-------- DATA EXCERPT --------

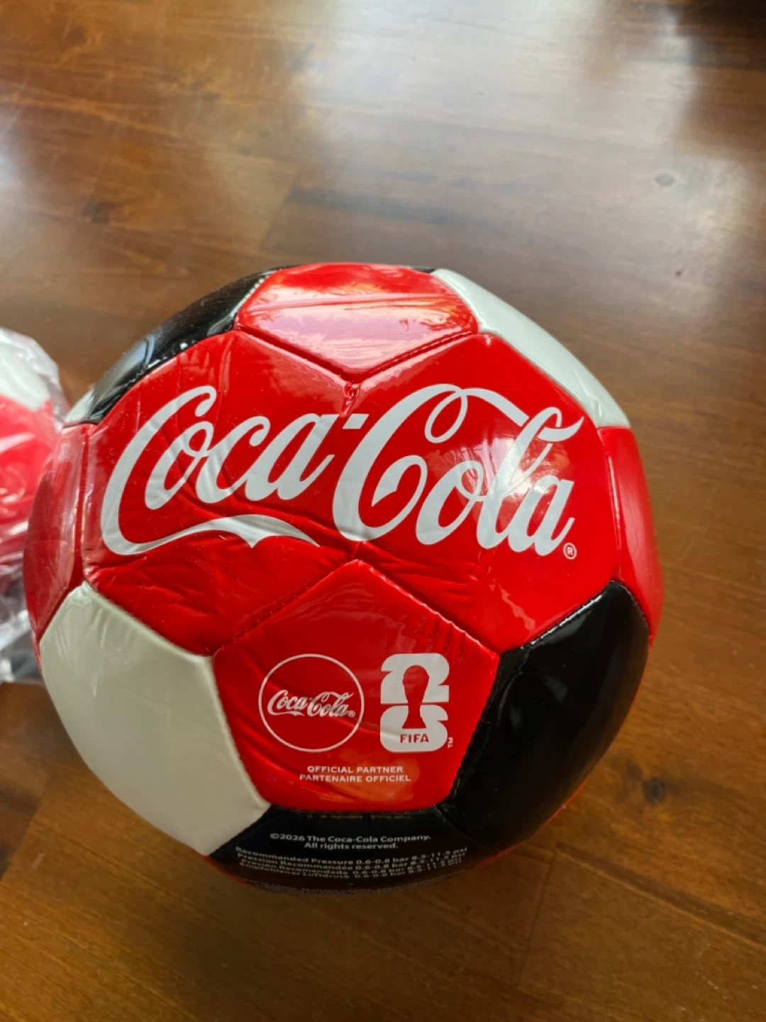 This is a Coca-Cola branded soccer ball. It features the official Coca-Cola logo and FIFA partnership branding. Recommended pressure is 0.6-0.8 bar.
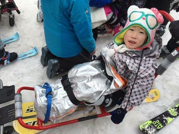 バイスキーに挑戦した9歳のとき。真心さんは終始怖がり、滑り終わった後も「やらなーい」と言っていたそう。 -
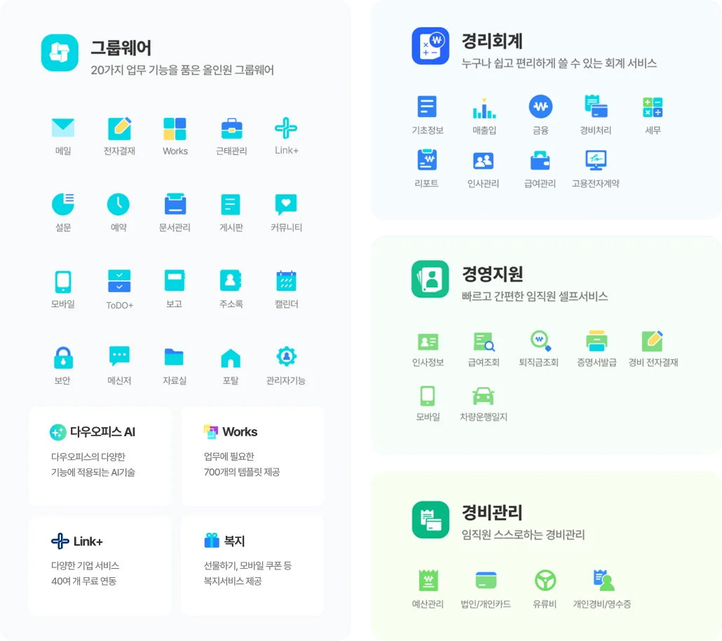다우오피스는 업무 관리를 위한 그룹웨어 기능부터,
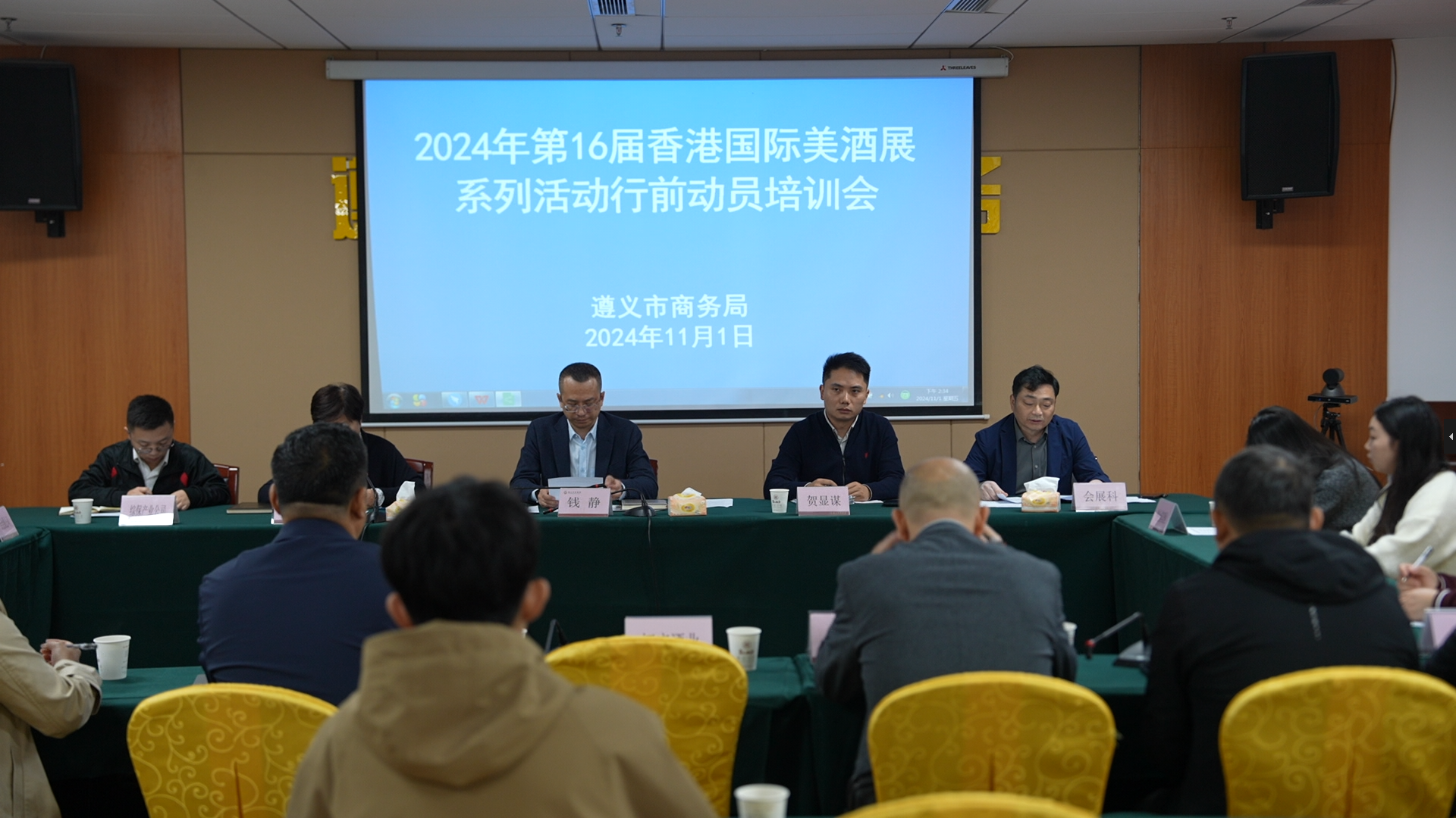 11月1日,2024年第16届香港国际美酒展系列活动行前动员培训会在贵州遵义举行。贵州省商务厅、遵义市商务局、遵义综保区、贵州广告会展公司,以及17家遵义名优白酒企业参会。培训会就系列活动期间,遵义白酒展览展示、贸易投资等方面进行商议和部署。

--------

**GOAL OF THE EXERCISE:**
If a picture falls within the span, leave it out, and reproduce exactly the lines from the one containing "다우오피스는 업무 관리를" through the end of the material, and no others.

**WRITTEN ANSWER:**
다우오피스는 업무 관리를 위한 그룹웨어 기능부터,
 11月1日,2024年第16届香港国际美酒展系列活动行前动员培训会在贵州遵义举行。贵州省商务厅、遵义市商务局、遵义综保区、贵州广告会展公司,以及17家遵义名优白酒企业参会。培训会就系列活动期间,遵义白酒展览展示、贸易投资等方面进行商议和部署。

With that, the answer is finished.